“Pikiran yang pantas disebut pikiran adalah pikiran yang mampu dipertengkarkan.”
“Debat adalah cermin; di dalamnya tampak kualitas kepemimpinan.”
Debat, berasal dari kata Latin “disbattere” yang berarti “melawan”, bukanlah sekadar platform untuk memaparkan visi dan misi. Debat adalah medan pertempuran ide, di mana proposisi diuji dan dibantah dengan tajam. Seperti sidang disertasi di universitas, debat menguji kemampuan bernalar seseorang, membuktikan bahwa pikiran yang pantas disebut pikiran adalah pikiran yang mampu dipertengkarkan.
Diogenes, seorang filsuf Yunani, mendefinisikan enam unsur penting dalam debat: tanding gagasan, tanding retorika, tanding akting, tanding popularitas, tanding prestasi, dan tanding logika. Dalam praktiknya, banyak yang terjebak dalam keinginan untuk terlihat pintar dan benar, seringkali dengan cara menonjolkan kebodohan dan kesalahan lawan.
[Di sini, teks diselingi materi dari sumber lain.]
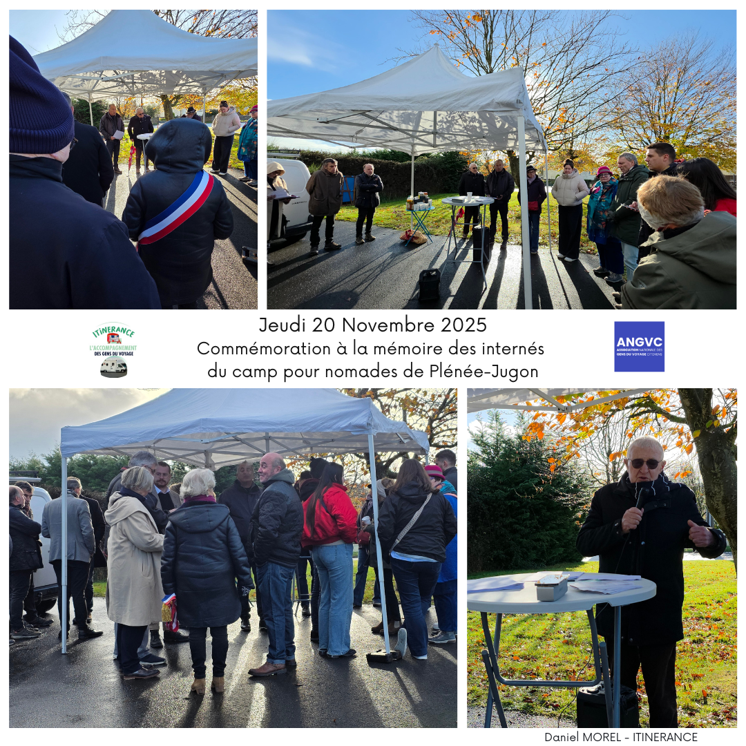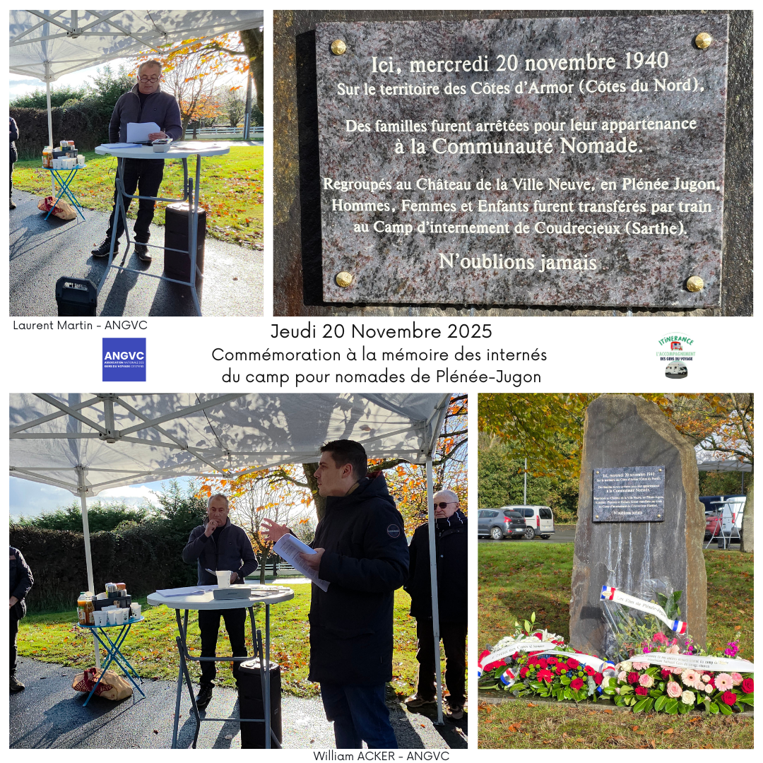 Le Jeudi 20 novembre 2025 se déroulait la commémoration à la mémoire des internés du camp pour nomades de Plénée-Jugon. Découvrez en images le déroulé de la cérémonie avec des discours de Laurent MARTIN, administrateur de l’ANGVC, William ACKER, délégué général de l’ANGVC et Daniel MOREL, ancien président de l’association ITINERANCE ainsi que le témoignage audio de M. René DEBARRE, rescapé de l’internement, en vidéo.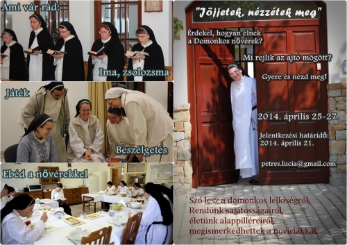 Április 25. és 27. között minden, a szerzetesség, domonkos karizma iránt érdeklődő 19–34 év közötti lányt várnak hivatásgondozó programunkra a Domonkos Nővérek Budakeszin.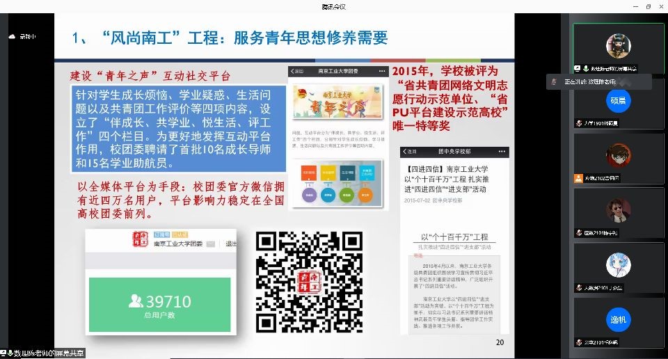 阅读次数: 发布时间:2021-09-309月28日晚7时,太阳集团tcy8722利用腾讯会议平台上为全体21届新生同学们做了团学辅导教育专题讲座,本次讲座主讲人为陈庆雯老师。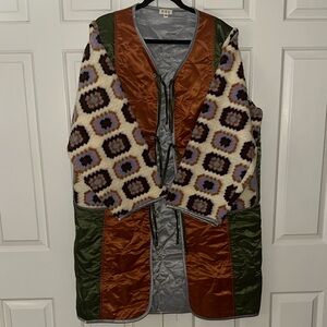 Turn heads with this vibrant patchwork design with orange and green panels. Cozy and stylish for any occasion. Lightweight unique piece. New never worn. Perfect for fall ๐๐

Namun, debat yang ideal bukanlah sekadar adu pintar. Debat dalam konteks pemilu, misalnya, menunjukkan kemampuan seseorang dalam merespon pendapat orang lain dengan rasa, logika, data, dan bahasa yang jernih. Debat yang baik bisa agresif, namun tidak kasar. Lucu dalam mengejek, namun tidak menghina. Menggugah, namun tidak menghasut. Itulah sebabnya di sekolah-sekolah serius di luar negeri, debat menjadi bagian penting dalam pendidikan.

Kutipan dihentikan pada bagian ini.